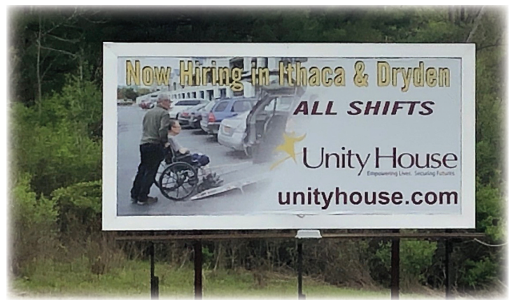
Drive by and check out our new billboard! It is located on Route 13 near Dryden.
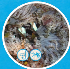
Beaded Sea Anemone ( Heteractis aurora )
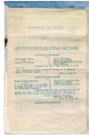
Abstract of Title (2001.49.1)

---------------

Pictures aside, return all of the material exactly as written.

Drive by and check out our new billboard! It is located on Route 13 near Dryden.
Beaded Sea Anemone ( Heteractis aurora )
Abstract of Title (2001.49.1)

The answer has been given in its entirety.